The 3 Review Levels for AI-Generated Code
A layered code review approach reviews AI-generated code at three levels of the workflow, before the code is written, after the code is written, and before the PR is merged.
Generation Guardrails are the instructions you add to your agent’s instruction files, whether that’s AGENTS.md or CLAUDE.md. When you define naming conventions, security rules, and architectural constraints there, the coding agent applies them during generation, meaning the code that reaches review is already cleaner.

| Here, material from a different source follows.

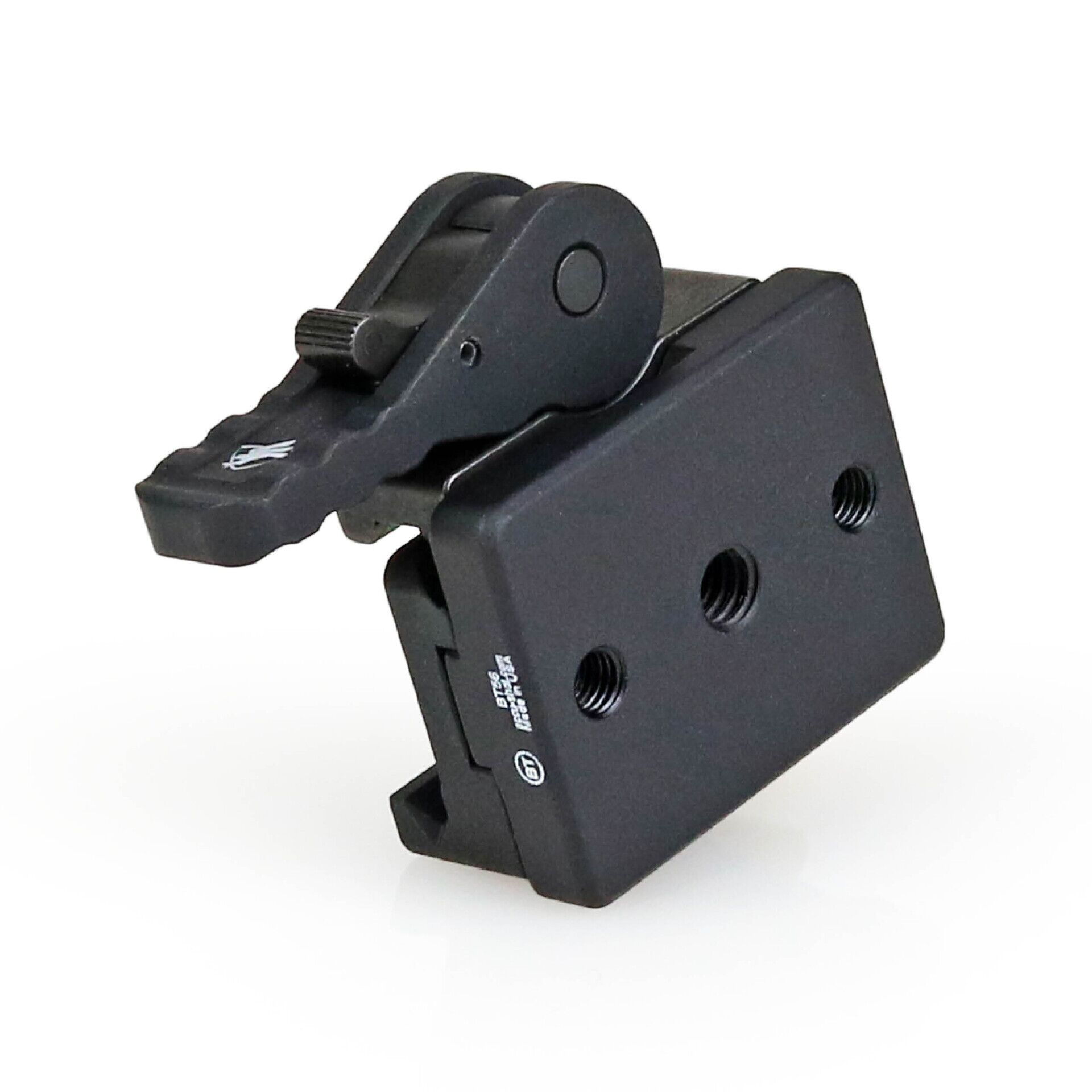 The BT56 LD-L 1/4-20 Lever Adapter is a Picatinny Rail mounting solution to interface between a Tripod or similar supporting device (shooting/walking/camera stick type monopod) with a standard ¼-20 threaded stud and a firearm with Picatinny Rail.

Independent Agent Review puts a separate agent on the diff after the code is written. This can be a sub-agent spawned from the same tool with a different system prompt, or a different model entirely. The point is that it carries none of the prior reasoning that shaped the implementation, no assumptions, no decisions already made. The agent that wrote the code has already committed to those choices. A reviewer with no memory of making them will question them.
PR Review Gate uses a specialized review tool at merge time. Tools like Qodo, CodeRabbit, and Graphite review use full-repo context, training on production defect patterns, and operate at merge time. The difference between your coding agent and a purpose-built review tool is that your coding agent only knows what you’ve told it to look for. Dedicated review tools, on the other hand, are trained on production defect patterns across thousands of codebases and on exploited vulnerabilities, providing a more extensive review of your codebase.
Each review level catches what the others can’t, because each one sees the code from a different point in the workflow. Stack them, and you cover blind spots that no single pass, human, or AI would surface on its own.
Setting Up Generation Guardrails
Your AGENTS.md (or CLAUDE.md) is the earliest possible intervention point in the stack.
Your coding agent reads its instructions file before generating any code, which means any standard you define there is considered as it writes code.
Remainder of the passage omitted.